Series 4 — Part 4 of 8

Ollama runs Llama 3.1 locally with an OpenAI-compatible API. For a SaaS platform handling sensitive business conversations, local inference means conversation data never leaves your infrastructure. This article covers setup, integration, prompt engineering, and latency management.

Running Llama 3.1 with Ollama

# Install and start Ollama
curl -fsSL https://ollama.com/install.sh | sh
ollama serve &

# Pull the model (8B fits on 16GB RAM; 70B needs ~48GB)
ollama pull llama3.1:8b

# Verify with a health check
curl http://localhost:11434/api/tags

Ollama exposes an OpenAI-compatible endpoint at /v1/chat/completions. Point any OpenAI SDK client at http://localhost:11434/v1 with any string as the API key.

OpenAI-Compatible Integration

from openai import OpenAI

ollama_client = OpenAI(
    base_url="http://localhost:11434/v1",
    api_key="ollama",  # Ollama ignores this but the SDK requires it
)

def generate_response(system_prompt: str, messages: list, model: str = "llama3.1:8b") -> str:
    response = ollama_client.chat.completions.create(
        model=model,
        messages=[
            {"role": "system", "content": system_prompt},
            *messages,
        ],
        temperature=0.7,
        max_tokens=800,
        stream=False,
        timeout=30.0,  # Never wait longer than this for a local model
    )
    return response.choices[0].message.content or ""

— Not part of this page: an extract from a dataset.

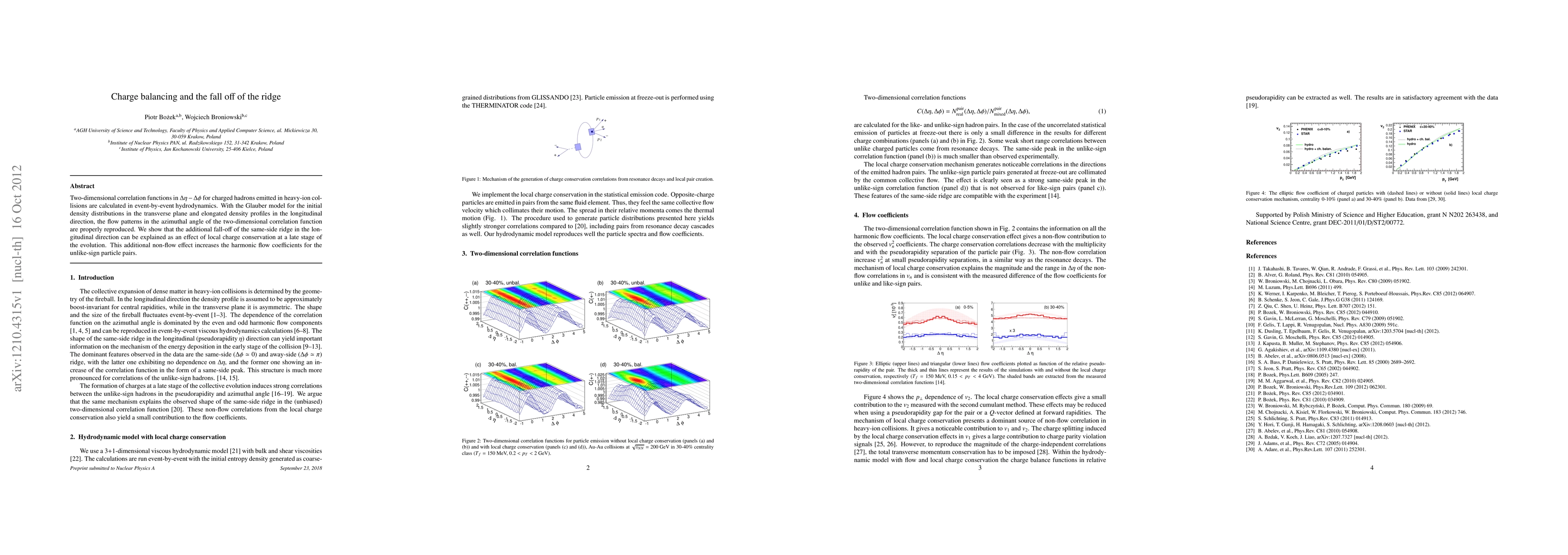 This study uses event-by-event hydrodynamics to analyze two-dimensional correlation functions in $\Delta\eta-\Delta \phi$ for charged hadrons in heavy-ion collisions, demonstrating that the fall-off of the same-side ridge in the longitudinal direction is due to local charge conservation at a late stage of the evolution, enhancing unlike-sign particle pairs' harmonic flow coefficients.

Prompt Engineering for Sales Contexts

Llama 3.1 follows instructions well but needs explicit constraints for sales contexts:

  • Role clarity — State the persona in the first sentence. Llama's default "helpful assistant" persona will bleed through if not overridden explicitly.
  • Constraint exhaustion — List what the bot should NOT do: do not offer discounts, do not make promises about features not in the knowledge base, do not schedule appointments without availability data.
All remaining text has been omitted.